Department of Obstetrics and Gynecology, University Hospital of Schleswig-Holstein, Campus Luebeck, Ratzeburger Allee 160, 23538 Luebeck, Germany.
Archives of Gynecology (Impact Factor: 1.36). 07/2011; 285(3):785-9. DOI: 10.1007/s00404-011-2011-x
Source: PubMed


Ewing's sarcoma (ES) and primitive neuroectodermal tumor (PNET) are closely related malignant neoplasms, usually affecting the skeletal system. Extraosseous ES/PNETs are uncommon, with occasional reports of tumors affecting the genitourinary tract. Only few cases of primary vulvar Ewing's sarcoma/PNET have previously been reported.

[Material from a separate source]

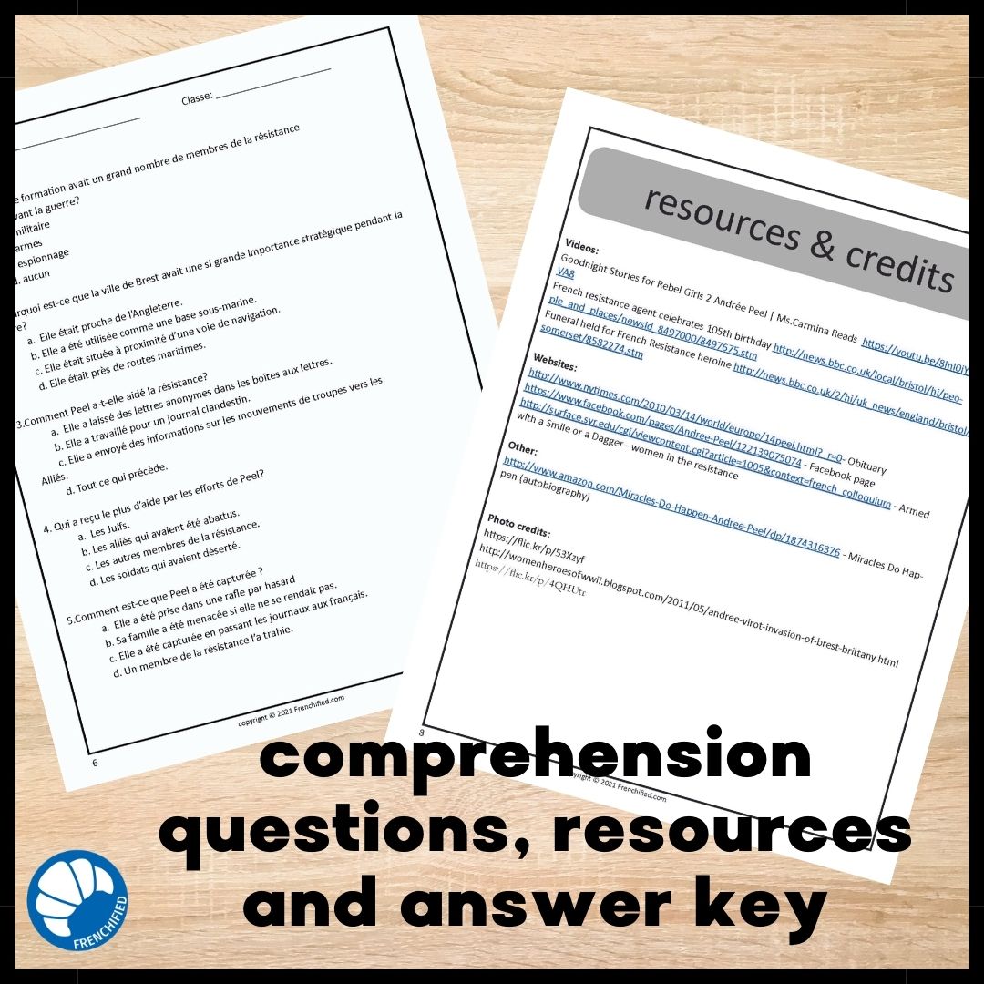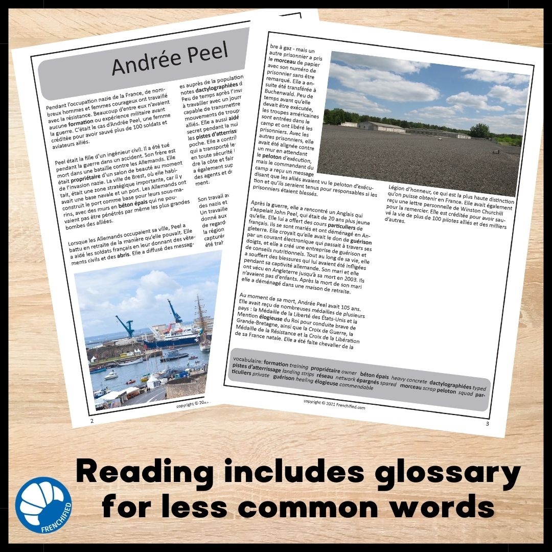 This Andree Peel bundle French reading comprehension activity will teach your students about French resistance heroine Andrée Peel. After losing members of her family to the Nazi invasion, she fought back in courageous ways, barely escaping with her life. Her life after the war was equally interesting. Intermediate low learners will be able to understand the reading with scaffolding and teacher support while Intermediate mid and higher will be able to read independently.

We present a patient with primary vulvar Ewing's sarcoma with pulmonary metastasis who presented at the Department of Gynecology and Obstetrics, University of Schleswig-Holstein, Campus Luebeck.
The present report is the third case of a primary vulvar Ewing's sarcoma and the first constellation with pulmonary metastasis at diagnosis in the current literature. We present the diagnostic and therapeutic management including surgery, chemotherapy and radiation.
The treatment of the Ewing's sarcomas and PNETs requires a multidisciplinary systemic approach. Despite its rarity, the differential diagnosis of vulvar sarcoma must be considered in young women.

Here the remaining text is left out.